David hires Zach to help him retrieve the object. As they do so, Zach touches it and becomes unnerved by the feedback. While protesting the advancing war amid reports that Russia, China, and France have threatened retaliation against the U.S. push into Iran, Zach experiences pain in his amputated leg. When he realizes that his leg is slowly regrowing, he returns to David to demand an explanation.
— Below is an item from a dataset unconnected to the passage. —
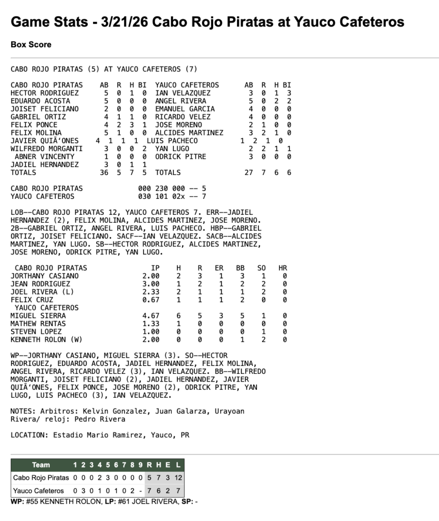 21 de marzo de 2026 7:30 pm Beisbol Superior Doble A 2026

David tells Annabelle and Zach about the object and insists that Zach must be brought into proximity of it. Zach's leg rapidly regenerates, causing him to join David's quest to create a large structure David believes the object wants built. They steal materials from a local junkyard, putting everything in an abandoned factory.

The agents, lured by reports of unexplained regeneration, come to David's house. Though David initially denies any knowledge, when they confront him with the hospital records, he says the object melted. Disbelieving him, the agents tail David, only to lose him when his friend Tony Cerillo helps. As the conflict in Iran escalates, David comes to believe the structure will save Annabelle from the oncoming nuclear war. When Cerillo investigates the missing materials from the junkyard, he confronts David, who accidentally kills him. Filled with remorse, David confides to Jane that he believes himself unworthy of the object, and she confirms that it was meant for others, whom David must assist.

Government scientists inform the agents that the object is an example of abiogenesis. Frustrated with delays, the agents return to David's house, where they take Zach and Annabelle hostage. David rescues them as they begin torturing Zach. As they escape, Agent Stipe shoots Annabelle, knowing David will return to the object to heal her. There, Agent Stipe shoots David. His subordinate, Agent Lubinski, objects, saying that the object should not be used to further the war effort. Zach, Stipe, and Lubinski engage in a firefight, and all are wounded. David helps Zach and Annabelle into the structure, apologizes for not being able to join them, and seals them in it just as a nuclear war begins. When Zach and Annabelle emerge, having been apparently cryogenically suspended, the world is in ruins apart from the structure - rusted and overgrown with vegetation and insect life suggesting that centuries have passed.

==Cast==

- Jai Koutrae as David Chamberlain
- Kendra Appleton as Annabelle Chamberlain
- Todd Lasance as Zach
- Bren Foster as Agent Stipe
- Brendan Clearkin as Ned Wilcox
- Vincent Andriano as O'Mally
- William Emmons as Agent Lubinski
- Katherine Hicks as Jane Chamberlain
- Steve Le Marquand as Sherriff Williams
- John Manning as Tony Cerillo

== Production ==

Terminus was produced by Storm Vision Entertainment, Eclectik Vision, Storm Alley Entertainment, and Maddfilms. It was filmed in Sydney and Portland, New South Wales.

==Release==

Terminus had its world premiere as an official selection at the Sci-Fi-London Film Festival on 9 June 2015. The worldwide rights were acquired by Vertical Entertainment, and the film was made available globally on digital platforms on the US theatrical launch of 22 January 2016.

==Reception==

The Hollywood Reporter wrote that Terminus is "more sophisticated than the typical sci-fi offering" and praised director Marc Furmie for "achieving a lot with a low budget", although they also said that Terminus suffers for being "ultimately too low-key." This "low-key" trait, however, was seen as a positive by Quiet Earth, who praised the film: "With a stripped-down, minimal aesthetic, focus on developing characters and relationships, and an ever-present sense of tension, doom, and dread... it essentially stands as an enjoyably creative and well-executed thriller, with plenty of original ideas and several eye-catching performances." Twitch Film was less enthused, writing, "it strives for a very ambitious place in the universe but lacks what it takes to get there." SciFiNow praised the film, saying Terminus has "great nostalgia for old-school science-fiction cinema" and that "you won’t be disappointed with Terminus."